Ingredients
The following ingredients have 6 Servings
- Chilli Compound Butter (full batch) (Fats of Life recipe)
- 3 large onions (peeled)
- 1 TB olive oil
- smoked sea salt flakes
- 1 tsp snipped chives
Instruction
- Assuming your Chilli Butter is prepared and in the fridge, proceed with the recipe:
- I used three large onions to yield 6 thick slices (from the middle part of the onions) - and they were approx 45g (1.6oz) each.Remember to slice the onion on its side, as pictured below. Do not discard all the ends - simply keep them aside for when other recipes call for chopped onions. I am not a fan of food waste, so wrap them well and use the trimmings in other ways. I love my onion pod saver (visible in the pic) which I found at Lakeland here in the UK.
- Use 2 metal BBQ skewers to carefully thread through the centre of the onion pieces. I do not recommend using wooden skewers for this: they break easily with the tough onion and its very dangerous if you slip.
- Brush with olive oil while you prepare your BBQ. At the same time, preheat the oven to 100°C (fan oven). This is 120°C for conventional ovens (or 210°F / gas mark 1).

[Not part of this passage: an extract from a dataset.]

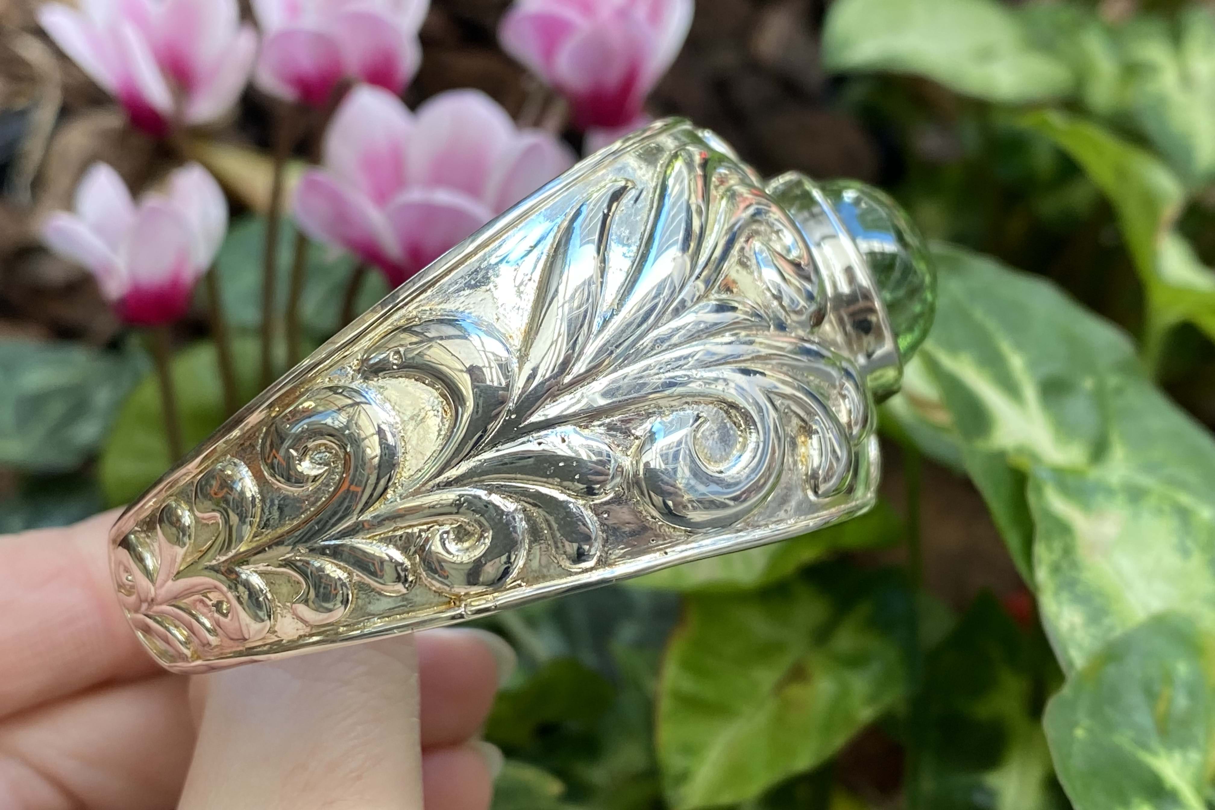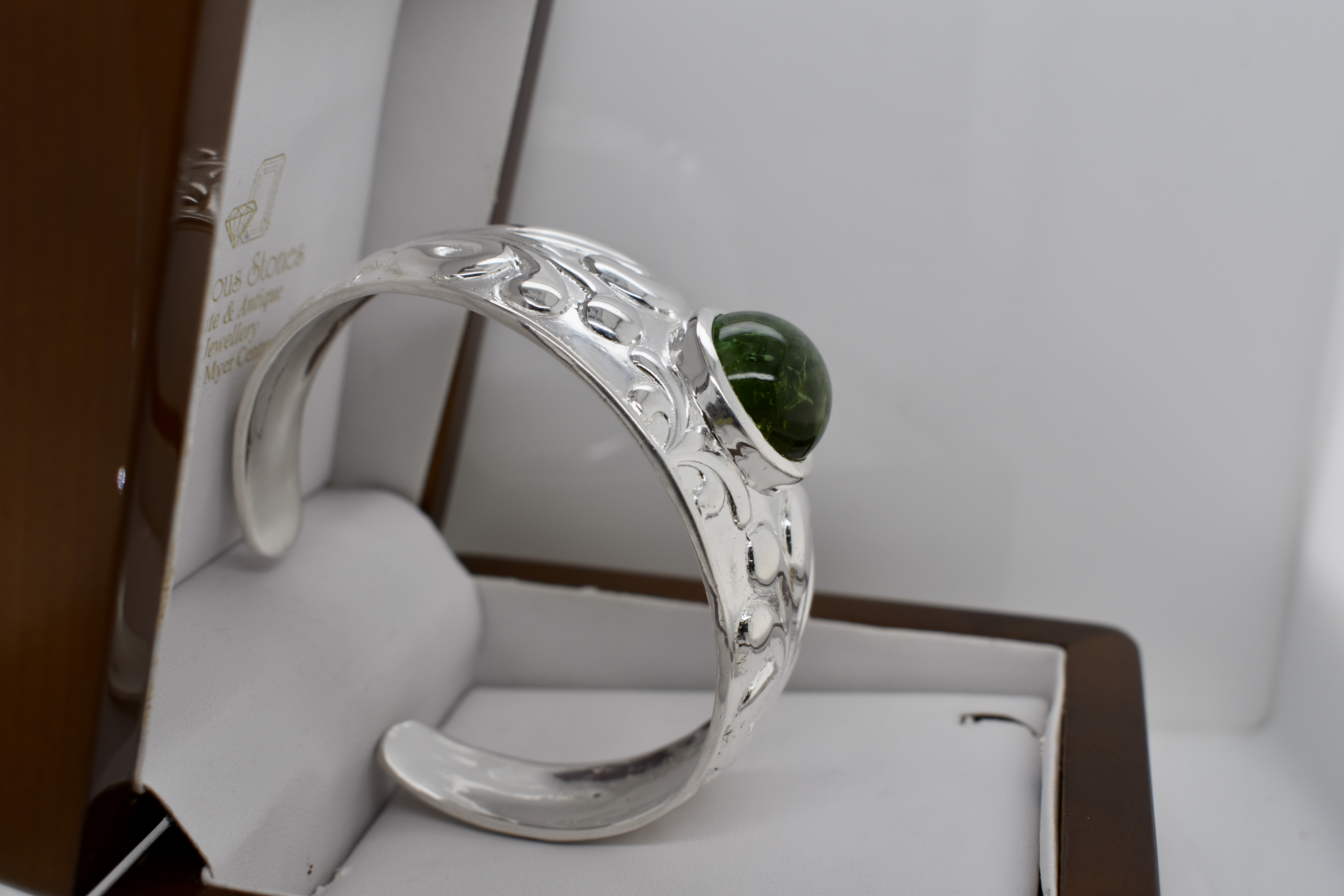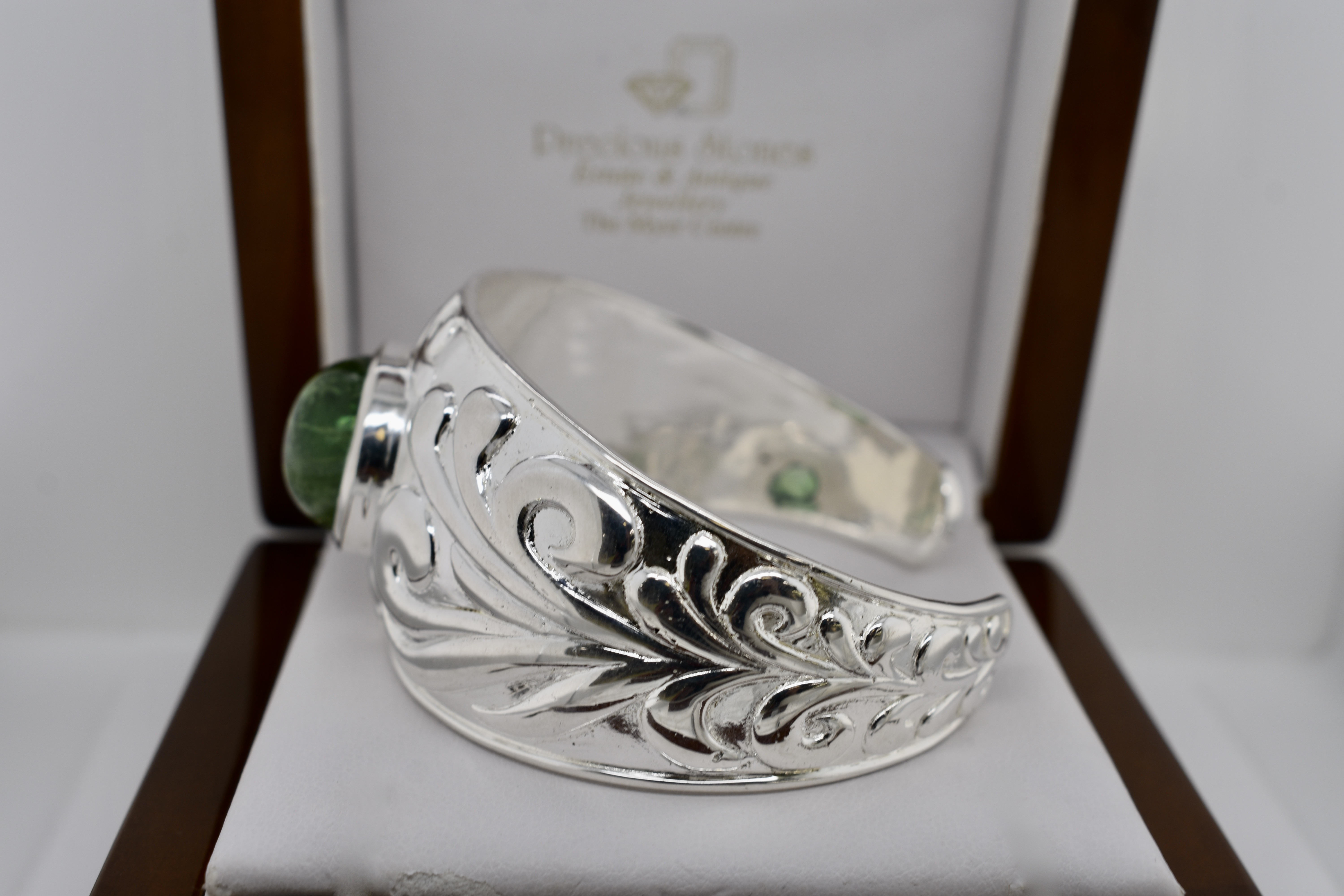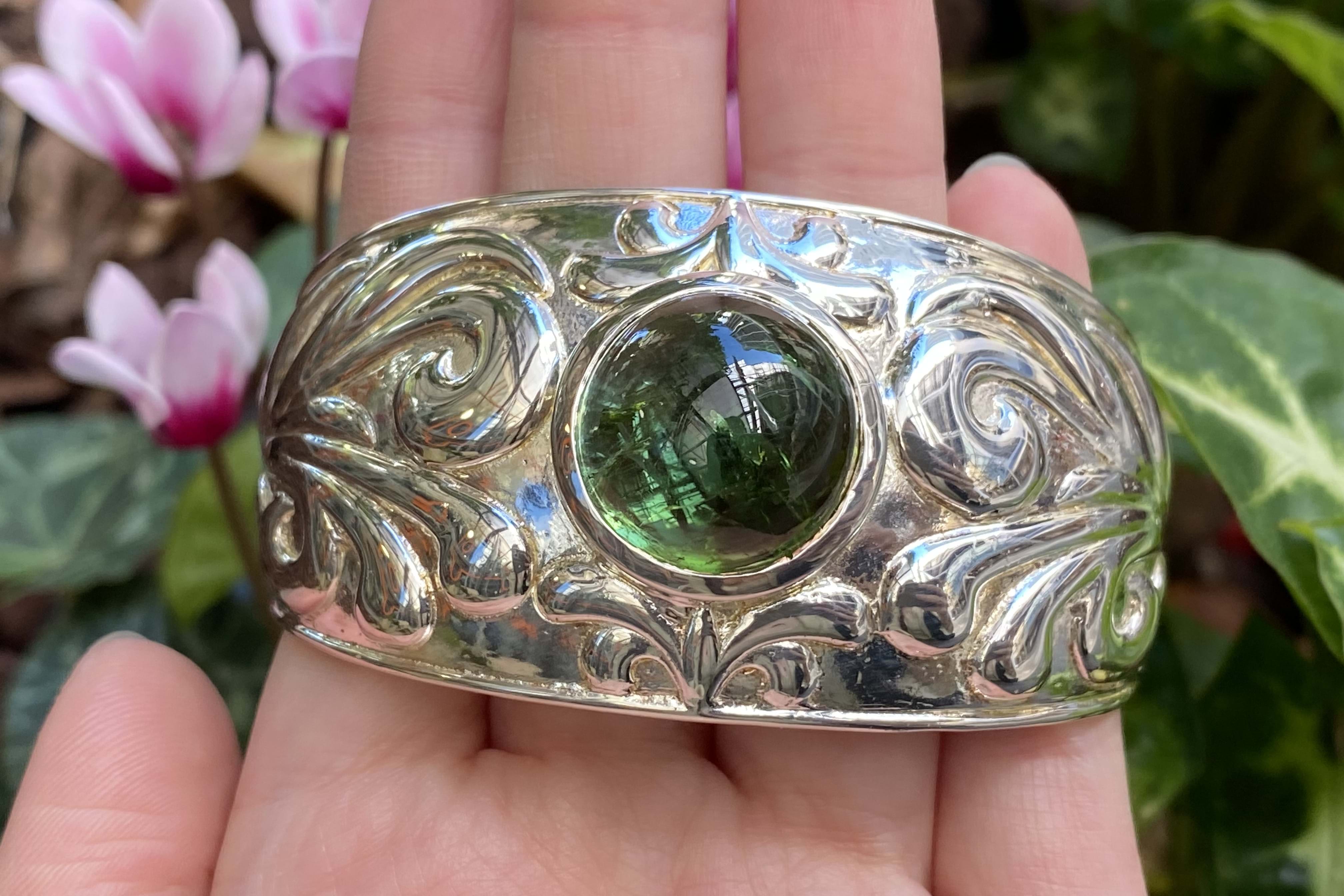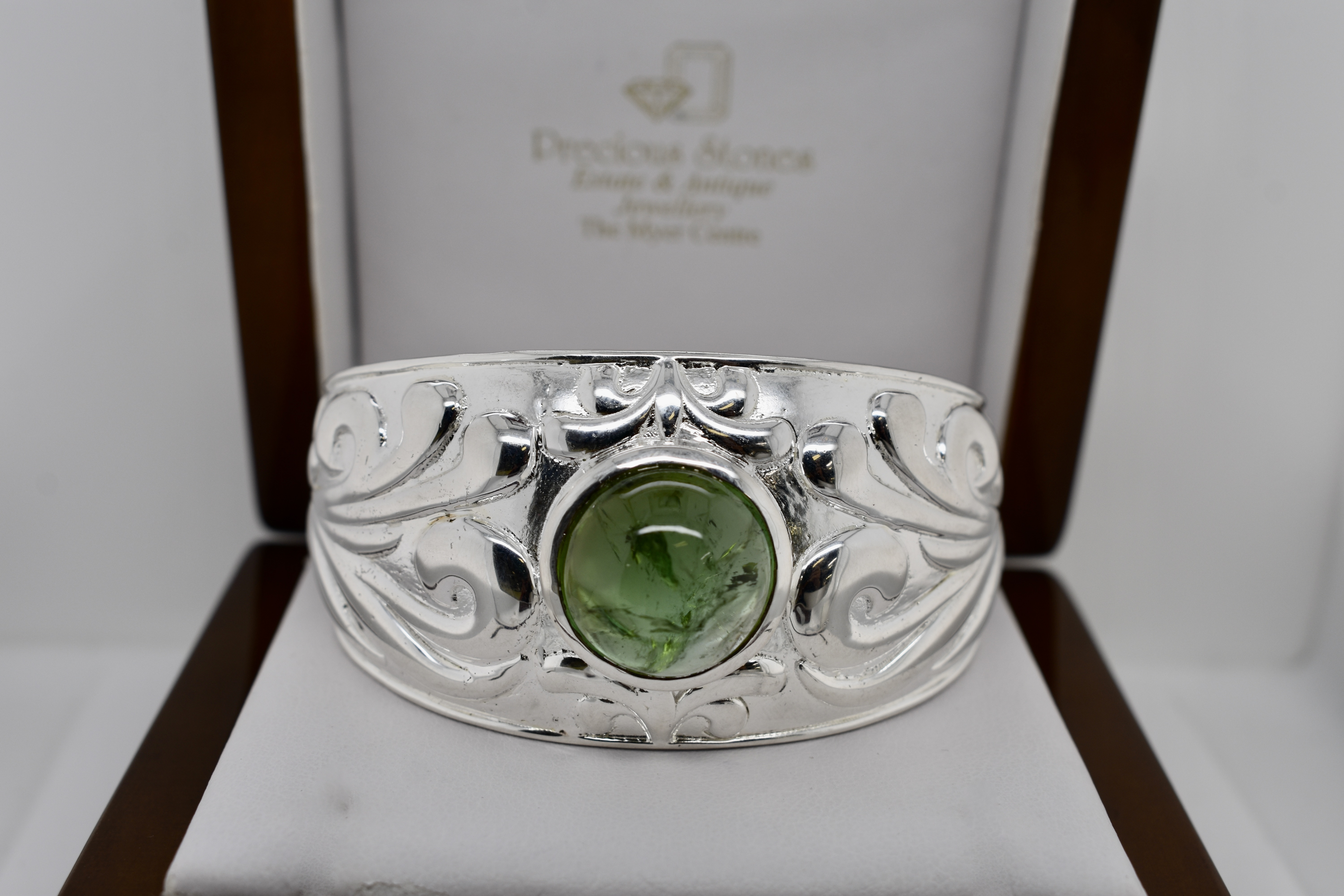 This striking bohemian cuff bangle is made of sterling silver and features one round 17mm cabochon lime green tourmaline in the centre of an embossed scroll cuff. Measuring 35-12mm with an open back.

- Once the coals are ready, place the onions onto the grill and get some great char-marks on one side, before gently flipping over (I recommend doing this with your hands using BBQ gloves) and get some char-marks on the underside. Touch the onions, they should start to feel really tender after about 10-12 minutes.

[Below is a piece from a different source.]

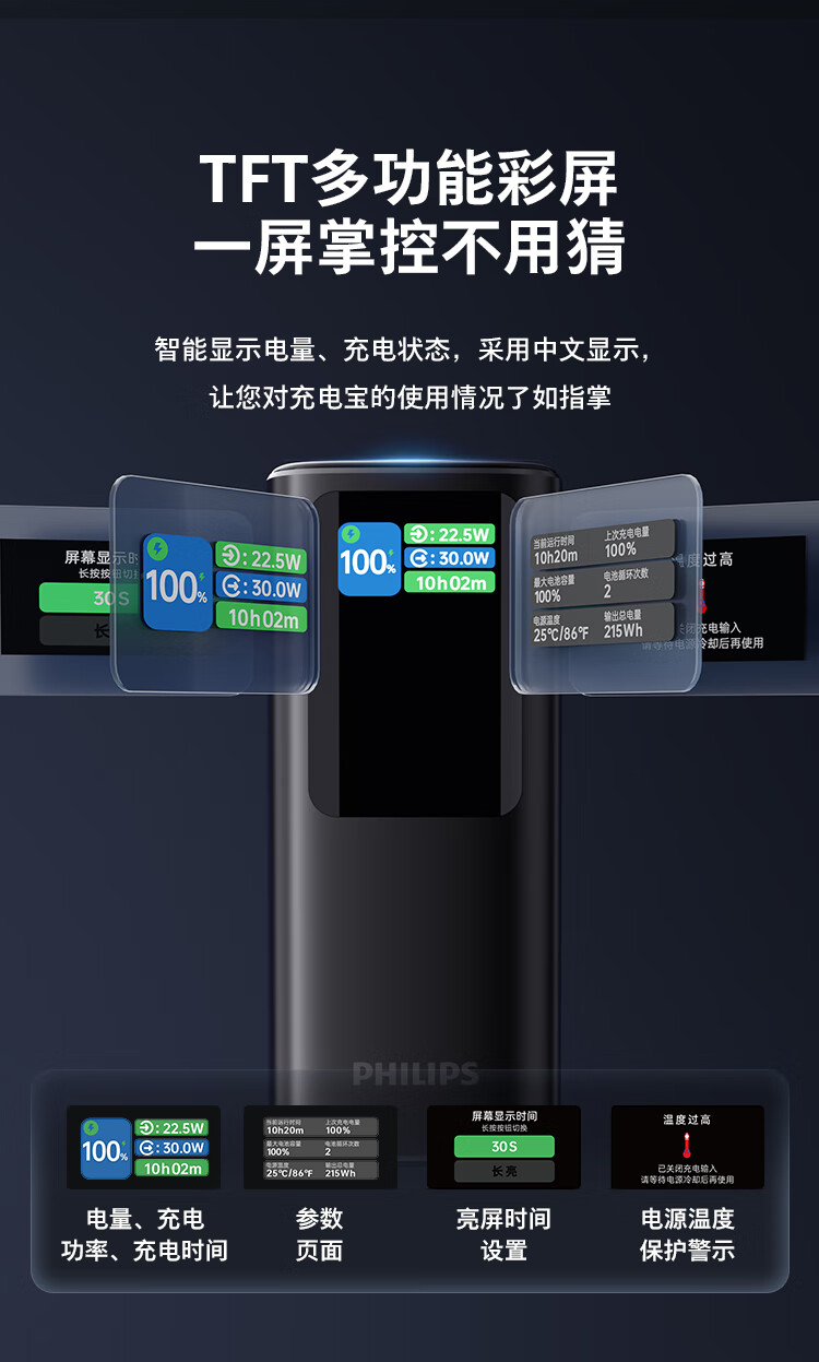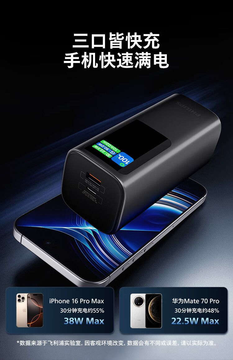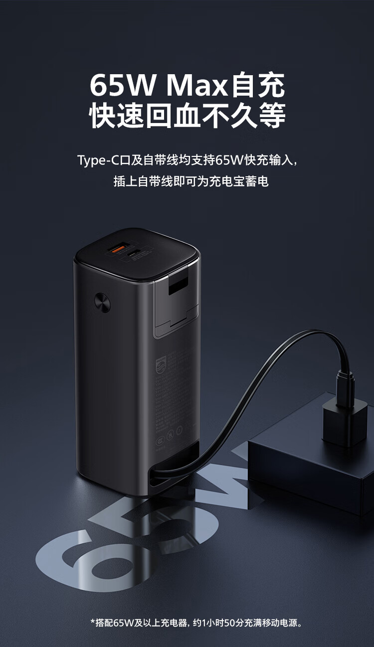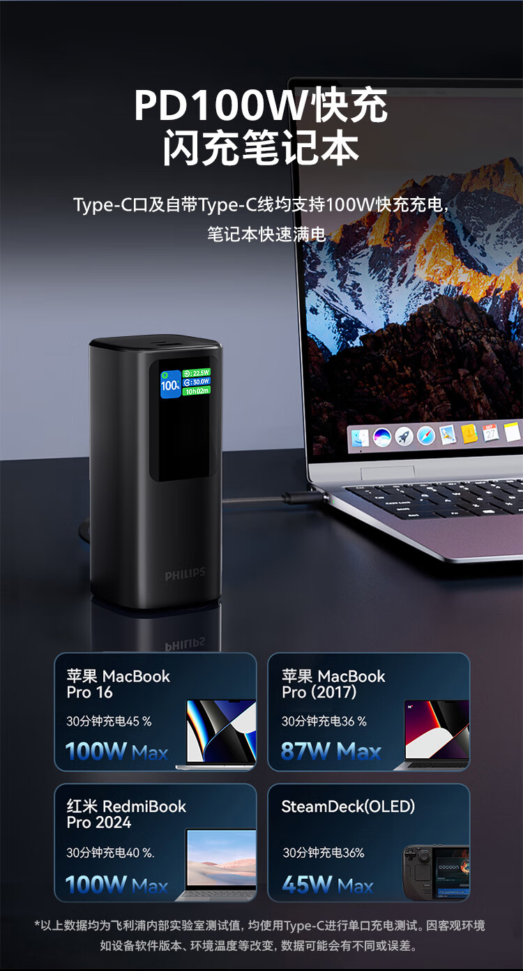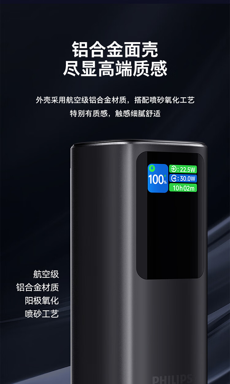 年终飞利浦100W充电宝20000毫安国标3c认证可带上飞机130W超级快充移动电源

- Remove them from the BBQ and place onto a tray. Pop them in the warm oven for 15 minutes to gently finish cooking through.
- In the meantime, remove the Chilli Compound Butter from the fridge. Unwrap and slice into 6 thick slices.
- Just before serving, slide the onions gently off the skewers and place a disc of butter on top to melt. Season with smoked sea salt flakes and scatter over the snipped chives.